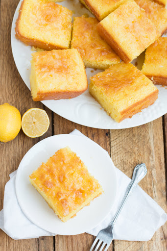 Bake at 350* for 27-30 minutes. When cake is done, prick with 2 tined fork while still hot. Immediately pour lemon icing over top. Icing
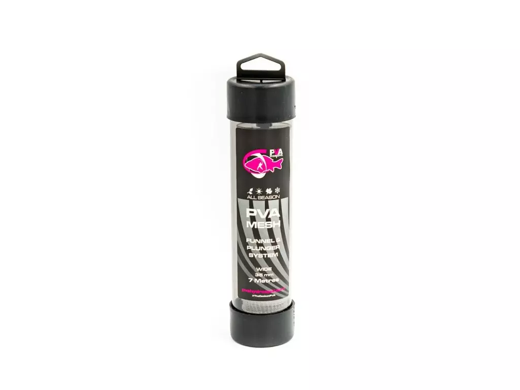 Prvotřídní PVA punčocha včetně tubusu a pěchovače. Evropský výrobce PVA produktů společnost PVA Hydrospol Vám přináší klasický systém 35 mm s micro-mesh síťkou. Všechny naše punčochy jsou pletené z kvalitních japonských vláken formou hustého micro-meshe. Průměr 35 mm je vytvořen z 36 PVA vláken. Naše punčochy můžete plnit sypkými materiály nebo drobnými peletami, aniž by vám zvolená směs propadávala úpletem punčochy. Čas rozpustnosti závisí na teplotě vody. V teplé vodě se doba rozpadu pohybuje okolo 45 sekund, naopak v ledové vodě to může být až 8 minut. Veškerý náš PVA program je vhodný pro celoroční použití.
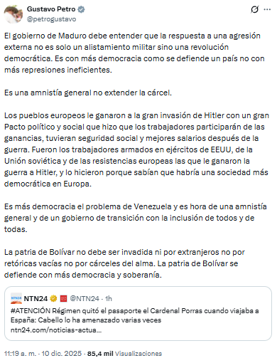 El mensaje de Petro se produjo tras citar la noticia sobre la retención del pasaporte al Cardenal Porras por parte del régimen de Maduro cuando se disponía a viajar a España.
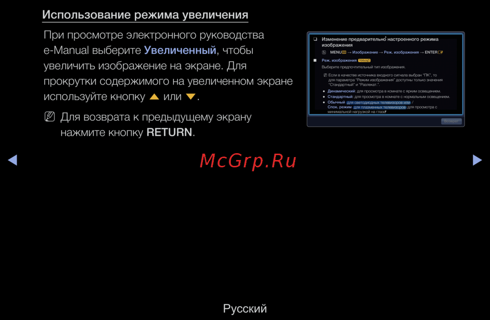 e-Manual выберите Увеличенный, чтобы
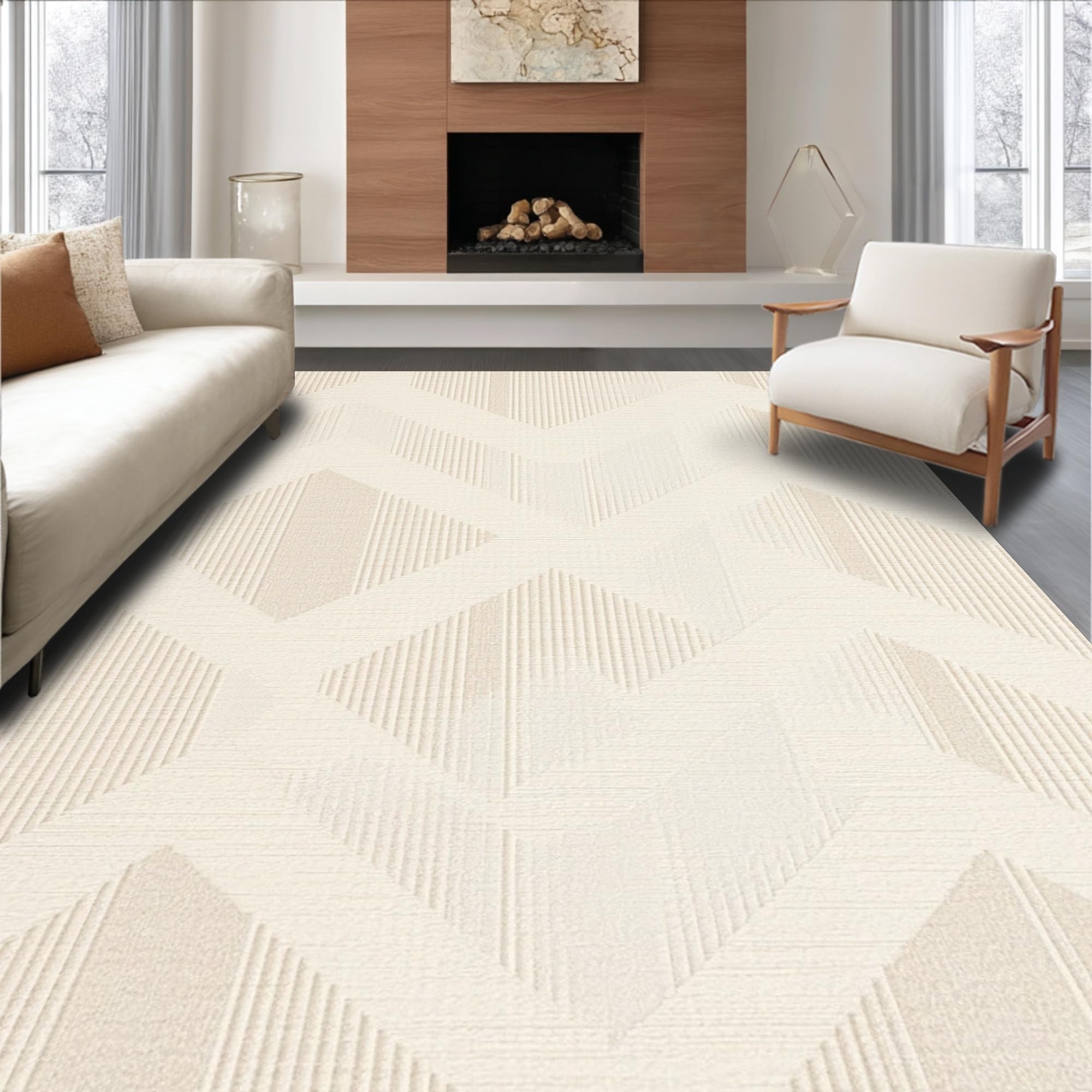 Artisan Woven Area with Minimalist Chevron Lines and Subtle Earth Motifs(Beige)
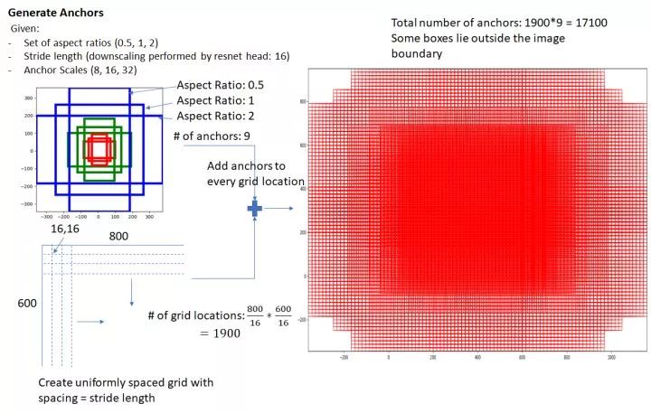 上图展示了RPN网络的具体结构。可以看到RPN网络实际分为2条支线,上面一条支线通过softmax来分类anchors获得前景foreground和背景background(检测目标是foreground),下面一条支线用于计算anchors的边框偏移量,以获得精确的proposals。而最后的proposal层则负责综合foreground anchors和偏移量获取proposals,同时剔除太小和超出边界的proposals。其实整个网络到了Proposal Layer这里,就完成了相当于目标定位的功能。anchor:简单地说,RPN依靠一个在共享特征图上滑动的窗口,为每个位置生成9种预先设置好长宽比与面积的目标框(即anchor)。这9种初始anchor包含三种面积(128×128,256×256,512×512),每种面积又包含三种长宽比(1:1,1:2,2:1)。示意图如下所示:
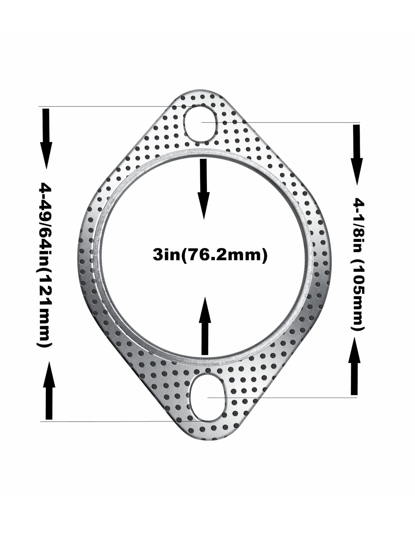 Q: Is this exhaust gasket compatible with all 3" 2-bolt flanges?A: Yes, this gasket is designed to be compatible with most 3" 2-bolt flanges that have a flange ID of 3" (76.2mm) and features slotted bolt hole locations for versatility.
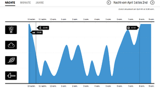 was den schlafalgorithmus zudem komplett durcheinander bringt: wenn man sich in den abendstunden einmal kurz ins bett legt, zum lesen oder fernsehgucken, dann wieder ein paar stunden aufsteht und später wieder hinlegt. am abend des ersten april habe ich mich beispielsweise um 22 uhr für 20 minuten hingelegt und bin dann erst gegen zwei uhr morgens wieder ins bett.
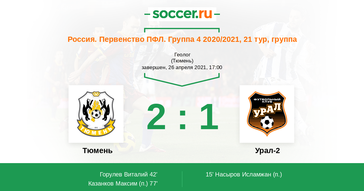 Протокол матча Тюмень против Урал-2
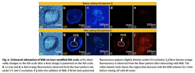 在魚鱗上制作隱寫的玫瑰圖案,再將加工過的魚鱗浸泡在羅丹明溶液中3分鐘后洗凈,對比前后,可以看到熱加工后魚鱗部分出現(xiàn)了羅丹明吸收的增強,可以在G綠光激發(fā)下觀察到羅丹明熒光的玫瑰圖案。

◇ ◇ ◇

» **WORK INSTRUCTION**: The stretch above running from the line with "e-Manual выберите Увеличенный, чтобы" through the line with "Artisan Woven Area" is all you should copy, exactly, leaving out the pictures.

» **ANSWER TO THE EXERCISE**:
 e-Manual выберите Увеличенный, чтобы
 Artisan Woven Area with Minimalist Chevron Lines and Subtle Earth Motifs(Beige)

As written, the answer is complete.